第四話 仲里編・いっそ夢ならば
school life
負け犬
自分は当然、西高に行くものだと思っていた。
別段、そこでやりたいことがあったわけではなく、特に通いやすい場所にあるというわけでもなかったのだけれど、西高はこの辺りでは上の下といったレベルの進学校で、だから自分は西高に進学することが無難だと思っていた。
中学校での成績は常に上位だった。試験の前に必死になって勉強をしなくてもその位置をキープすることはできていたし、周りが受験勉強に目を向けだしてからも、自分が上位であるという状況が揺らぐことはなかった。

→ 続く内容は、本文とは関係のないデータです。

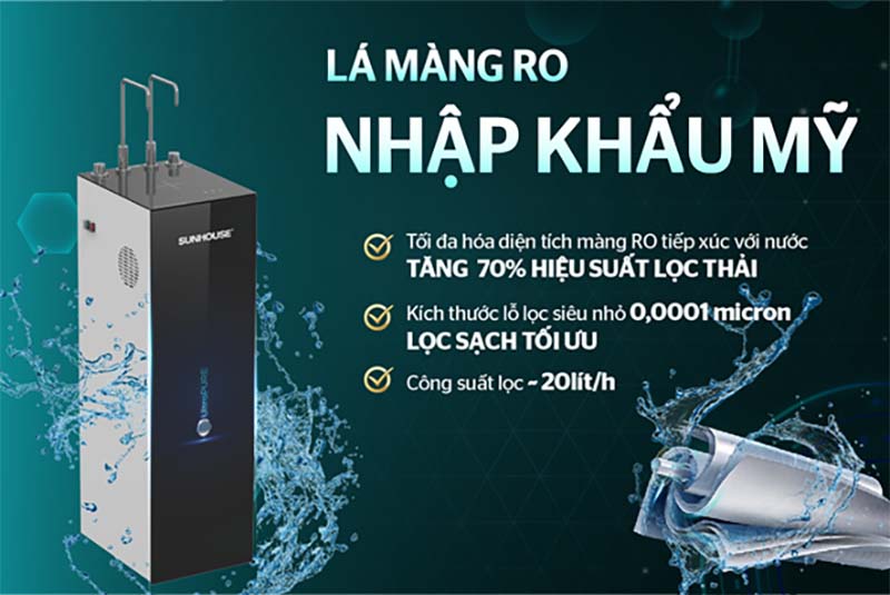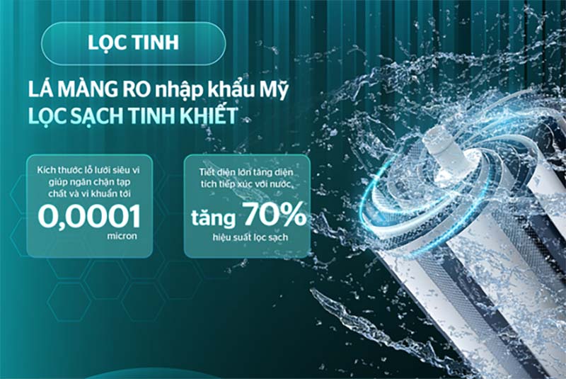- Màng lọc thẩm thấu ngược RO cao cấp với lá màng được nhập khẩu từ Mỹ, có tác dụng loại bỏ hoàn toàn tạp chất, ion kim loại nặng, các chất hữu cơ, amip, asen, vi khuẩn tới 0,0001 mircon…

そんなおれの成績ならば西高が妥当だと、担任も太鼓判を押していた。今のまま頑張れば問題ない。周りは皆そう言っていたし、自分でもそんなふうに思っていた。
実際、入学試験は目標点数を超えていた。
はずだった。
風邪を治した後、未練がましく解きなおした五科目の試験は、当時の自分を呪っても足りないぐらいに、簡単だった。体調さえ万全ならば、試験中に意識さえはっきりとしていれば、おれは今頃西高生だったのだ。
それが、このざまだ。
藤葉高校の制服を着た、目つきの悪い男。窓ガラスに映った負け犬。それが仲里隆。認めたくもないけれど、こいつがおれだ。

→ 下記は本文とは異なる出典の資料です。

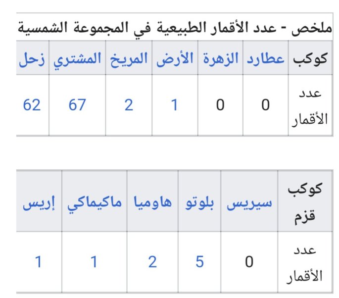الاكتشافات الأولى للأقمار الطبيعية تمت من قبل غاليليو غاليلي وهي تسمى أقمار غاليليو الأربعة التابعة لكوكب المشتري، اكتشفها في يناير عام 1610 للميلاد. وعلى مر القرون الثلاثة التالية لم يتم اكتشاف سوى عدد قليل من الأقمار. البعثات إلى الكواكب الأخرى في عام 1970، وأبرزها فوياجر 1 و 2 شهدت زيادة في عدد الأقمار المكتشفة، وعمليات الرصد منذ عام 2000، وذلك باستخدام التلسكوبات الأرضية البصرية الكبيرة في الغالب، اكتشفت الكثير من الأقمار وكلها أقمار غير منتظمة.القمر الطبيعي هو جسم فلكي يدور حول كوكب أو جسم أصغر من كوكب (كوكب صغير) أو في بعض الأحيان حول جرم نظام شمسي صغير. هناك 182 قمرًا طبيعي في المجموعة الشمسية منها 173 تدور حول الكواكب الثمانية و7 تدور حول كواكب قزمة وعشرات أخرى تدور حول أجسام أصغر في المجموعة الشمسية.ومن المعروف أن أربعة كواكب قزمة مدرجة من قبل الاتحاد الفلكي الدولي لها قمر طبيعي وهى: بلوتو، هوميا، ماكيماكي، وإيريس واعتبارا من أول يناير 2012، تم اكتشاف أكثر من 200 قمر حول الكواكب الصغيرة. من المحتمل جدًا وجود أقمار في نظم النجوم الأخرى لكن لم تشاهد بعد. وهناك 19 قمراً في المجموعة الشمسية كبير بما يكفي ليكون دائري الشكل بفعل الجاذبية. وبذلك ستعتبر كواكب أو كواكب قزمة لو كانت في مدار من باشر حول الشمس.\nتصنف الأقمار في فئتين منفصلتين وفقا لمداراتها: الأقمار المنتظمة التي لها مدرات انطلاقا من الغرب إلى الشرق (التي تدور في اتجاه دوران كواكبها ) وتقع على مقربة من مستوى خط الاستواء.والأقمار غير النظامية ذات حركة تراجعية (التي تدور عكس اتجاه دوران كواكبها) وغالبا ما تقع في زوايا متطرفة بالنسبة إلى خط الاستواء لكواكبها. القمر الغير النظامي ربما كان من الكواكب الصغيرة التي تم الاستيلاء عليها من الفضاء المحيط بالكواكب ومعظم الأقمار غير النظامية أقطارها أقل من 10 كيلومتر ما يعادل (6.2 ميل).\nالاكتشافات الأولى للأقمار الطبيعية تمت من قبل غاليليو غاليلي وهي تسمى أقمار غاليليو الأربعة التابعة لكوكب المشتري، اكتشفها في يناير عام 1610 للميلاد. وعلى مر القرون الثلاثة التالية لم يتم اكتشاف سوى عدد قليل من الأقمار. البعثات إلى الكواكب الأخرى في عام 1970، وأبرزها فوياجر 1 و 2 شهدت زيادة في عدد الأقمار المكتشفة، وعمليات الرصد منذ عام 2000، وذلك باستخدام التلسكوبات الأرضية البصرية الكبيرة في الغالب، اكتشفت الكثير من الأقمار وكلها أقمار غير منتظمة.\nالأقمار الطبيعية في المجموعة الشمسية\nعدل\nعدد ألأقمار المكتشفة في كل عام\n\nعطارد هو أصغر كواكب المجموعة الشمسية وأقربها إلى الشمس ولا يوجد له أقمار طبيعية. على الرغم من ظهور فرضية لفترة وجيزة في اوائل 1970 بوجود تابع لكوكب عطارد ولكن اتضح أن البيانات التي فُسرت على أنها قمر لعطارد تعود لنجم.\nالزهرة الكوكب الثاني في المجموعة الشمسية من حيث البعد عن الشمس ولا يوجد له أقمار طبيعية.\nعلى الرغم من عمليات الرصد في عام 1650 لجرم اعتقد انة قمر للزهرة واطلق علية نيث وتم رصده 30 مرة من قبل علماء الفلك حتى عام 1770، وعندما لم تكن هناك مشاهدة جديدة ولم يتم العثور عليه أثناء عبور الزهرة في 1761 و 1769 تم دحض هذه الفرضية.\nالأرض ثالث كواكب المجموعة الشمسية بعدًا عن الشمس بعد عطارد والزهرة، وتعتبر أكبر الكواكب الأرضية في النظام الشمسي، يمثلالقمر القمر الطبيعي الوَحيد للكرة الأرضية.\n\nفوبوس وديموس قمرا المريخ\nقمرا المريخ للمريخ قمرين معروفة هما، فوبوس وديموس، والتي يعتقد أنها كانت كويكبات تم اجتذابها إلى مدار المريخ. تم اكتشاف كلا القمرين على حد سواء في عام 1877 من قبل عالم الفلك آساف هول. وكانت عمليات البحث عن المزيد من الأقمار غير ناجحة، ووضع الحد الأقصى لدائرة نصف القطر لقمر قد يكون تابع للمريخ في 90 مترا (100 ياردة).\nالمشتري وأقمار غاليليو\nللمشتري 67 قمراً مؤكدة الوجود، وبالتالي فله أكبر عدد من الأقمار ذات المدارات المستقرة بشكل معقول في المجموعة الشمسية. الأبرز بين هذه ال

周りは、風邪だったんだから仕方ないと口をそろえた。二言目には、第二志望の藤葉高校でも十分だと慰めてきた。ここ藤葉は西高よりもワンランク落ちる学校で、それでも、それなりにデキるやつじゃないと入れない、と認識されていた。
実際のところ、自分でもそう思おうとした時期はある。風邪だったんだし仕方ない。藤葉も悪い高校じゃない。なにより、西高よりも校舎が新しくて綺麗じゃないか。
そんな考えは、たった一つの雑音によってぼろぼろと崩れ果てたのだけれど。